§ **WHAT YOU WILL DO**: Look at the data below and print exactly the lines from its first line through the line with "Όταν η συνολική"; the pictures stay out of the copy.

§ **TASK DATA**:
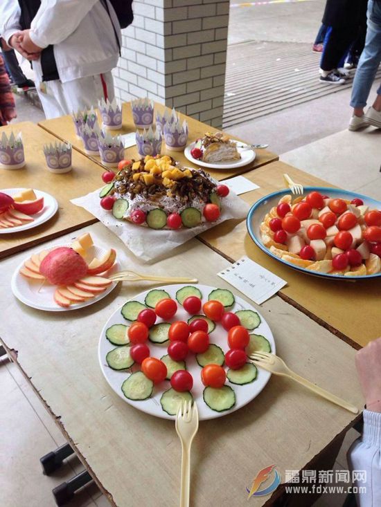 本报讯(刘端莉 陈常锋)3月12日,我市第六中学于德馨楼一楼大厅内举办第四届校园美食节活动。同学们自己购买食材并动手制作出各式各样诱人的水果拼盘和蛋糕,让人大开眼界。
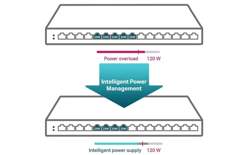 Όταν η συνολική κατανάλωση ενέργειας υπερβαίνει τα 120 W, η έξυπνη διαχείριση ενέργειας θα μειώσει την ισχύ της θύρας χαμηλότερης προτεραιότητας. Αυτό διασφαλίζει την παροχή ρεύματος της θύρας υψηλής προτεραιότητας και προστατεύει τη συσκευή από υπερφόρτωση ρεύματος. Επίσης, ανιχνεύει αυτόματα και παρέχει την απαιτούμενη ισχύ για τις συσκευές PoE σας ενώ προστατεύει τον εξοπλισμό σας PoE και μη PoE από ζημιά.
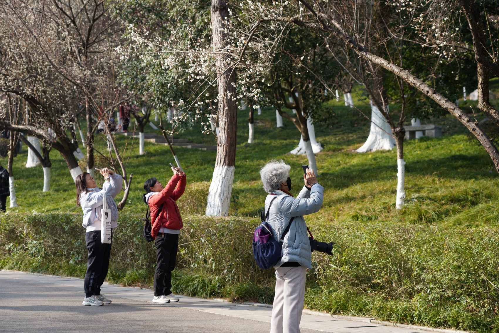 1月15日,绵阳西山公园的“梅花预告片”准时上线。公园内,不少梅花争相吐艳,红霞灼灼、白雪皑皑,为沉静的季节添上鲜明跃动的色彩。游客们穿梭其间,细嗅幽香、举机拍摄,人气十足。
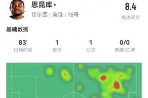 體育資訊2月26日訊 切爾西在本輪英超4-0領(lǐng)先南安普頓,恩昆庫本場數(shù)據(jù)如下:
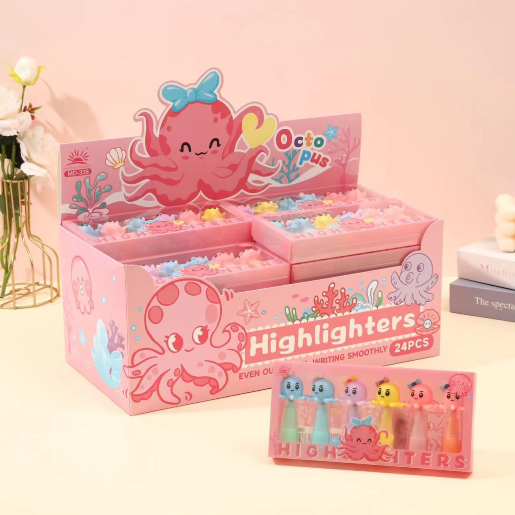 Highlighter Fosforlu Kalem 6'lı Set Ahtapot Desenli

§ **SOLUTION TO THE PROBLEM**:
 本报讯(刘端莉 陈常锋)3月12日,我市第六中学于德馨楼一楼大厅内举办第四届校园美食节活动。同学们自己购买食材并动手制作出各式各样诱人的水果拼盘和蛋糕,让人大开眼界。
 Όταν η συνολική κατανάλωση ενέργειας υπερβαίνει τα 120 W, η έξυπνη διαχείριση ενέργειας θα μειώσει την ισχύ της θύρας χαμηλότερης προτεραιότητας. Αυτό διασφαλίζει την παροχή ρεύματος της θύρας υψηλής προτεραιότητας και προστατεύει τη συσκευή από υπερφόρτωση ρεύματος. Επίσης, ανιχνεύει αυτόματα και παρέχει την απαιτούμενη ισχύ για τις συσκευές PoE σας ενώ προστατεύει τον εξοπλισμό σας PoE και μη PoE από ζημιά.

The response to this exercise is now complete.